Characteristics: convolution, feedforward NN.
### Model tag
This field specifies the model variant. It depends on the model, but here are
some examples:
* `f32`: the model is working on float types.
* `imagenet`: the model takes ImageNet-sized inputs (224x224x3).
### IREE driver
This field specifies the IREE HAL driver:
* [`local-task`](https://iree-org.github.io/iree/deployment-configurations/cpu/):
For CPU via the local task system. Kernels contain CPU native instructions AOT
compiled using LLVM. This driver issues workloads to the CPU asynchronously
and supports multithreading.
* [`local-sync`](https://iree-org.github.io/iree/deployment-configurations/cpu/):
For CPU via the local 'sync' device. Kernels contain contain CPU native
instructions AOT compiled using LLVM. This driver issues workloads to the CPU
synchronously.
* [`Vulkan`](https://iree-org.github.io/iree/deployment-configurations/gpu-vulkan/):
For GPU via Vulkan. Kernels contain SPIR-V. This driver issues workload to
the GPU via the Vulkan API.
### Device name and target architecture
These two fields are tightly coupled. They specify the device and hardware
target for executing the benchmark.
Right now there are two Android devices:
* `Pixel-4`: Google Pixel 4 running Android 11. The SoC is
[Snapdragon 855](https://www.qualcomm.com/products/snapdragon-855-plus-and-860-mobile-platform),
with 1+3+4 ARMv8.2 CPU cores and Adreno 640 GPU.
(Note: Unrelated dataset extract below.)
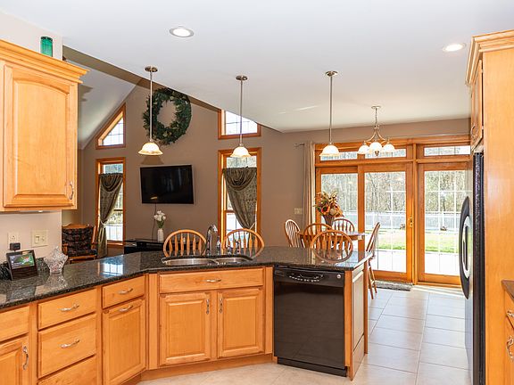 Welcome to your dream ranch-style home. This spacious 4-bedroom, 2.5-bath is a perfect blend of comfort and style. The heart of the home, the kitchen, boasts granite counters, an abundance of storage space, and a cozy eat-in area which leads out to the backyard. The open-concept step down living room is bathed in natural light, thanks to its vaulted ceilings and grand foyer with beautiful chandelier, creating a warm and inviting atmosphere for gatherings with friends and family. The primary bedroom is a sanctuary with a large closet, and ensuite bathroom featuring a jetted soaking tub and separate shower. The three additional well-proportioned bedrooms come complete with large closets, ensuring ample space for everyone. For added comfort, the house features radiant in-floor heating, central vac, and over 2.5 acres of bliss. Step outside the sliding glass doors from the kitchen onto the raised trek deck where you can unwind and overlook the fenced in backyard. Descend down two steps, and you'll reach the inviting 20' x 40' in-ground pool with a diving board. A large unfinished basement offers the potential for additional living space, or plenty of storage along with the attached oversized two car garage. All of this, just minutes away from the charming City and Town of Plattsburgh. Don't miss the chance to call this paradise your home!
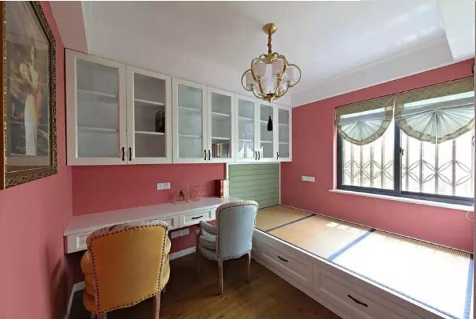 书房大胆选择了粉色作为主色调,一个房间满足多种功能,既能当书房也可以作为休闲娱乐区。就算是来客人了也完全不用怕。

* `Pixel-6`: Google Pixel 6 running Android 12. The SoC is
[Google Tensor](https://blog.google/products/pixel/introducing-google-tensor/),
with 2+2+4 ARMv8 CPU cores and Mali G78 GPU.
* `SM-G980F`: Samsung Galaxy S20 running Android 11. The SoC is
[Exynos 990](https://www.samsung.com/semiconductor/minisite/exynos/products/mobileprocessor/exynos-990/),
with 2+2+4 ARMv8.2 CPU cores and Mali G77 MP11 GPU.
Therefore the target architectures are:
* `CPU-CPU-ARMv8.2-A`: can benchmark all CPU-based IREE backends and drivers.
* `GPU-Adreno-640`: can benchmark IREE Vulkan with Adreno target triples.
* `GPU-Mali-G77`: can benchmark IREE Vulkan with Mali target triples.
* `GPU-Mali-G78`: can benchmark IREE Vulkan with Mali target triples.
### Benchmark mode
This field is to further specify the benchmark variant, given the same input
model and target architecture. It controls important aspects like:
* `*-core`: specifies the core flavor for CPU.
* `*-thread`: specifies the number of threads for CPU.
* `full-inference`: measures the latency for one full inference. Note that this
does not include the IREE system initialization time.
* `kernel-execution`: measures only kernel execution latency for GPU. Note that
this is only possible for feedforward NN models that can be put into one
command buffer.
`*-core` and `*-thread` together determines the `taskset` mask used for
benchmarking IREE backends and drivers on CPU. For example,
* `1-thread,big-core` would mean `taskset 80`.
* `1-thread,little-core` would mean `taskset 08`.
* `3-thread,big-core` would mean `taskset f0`.
* `3-thread,little-core` would mean `taskset 0f`.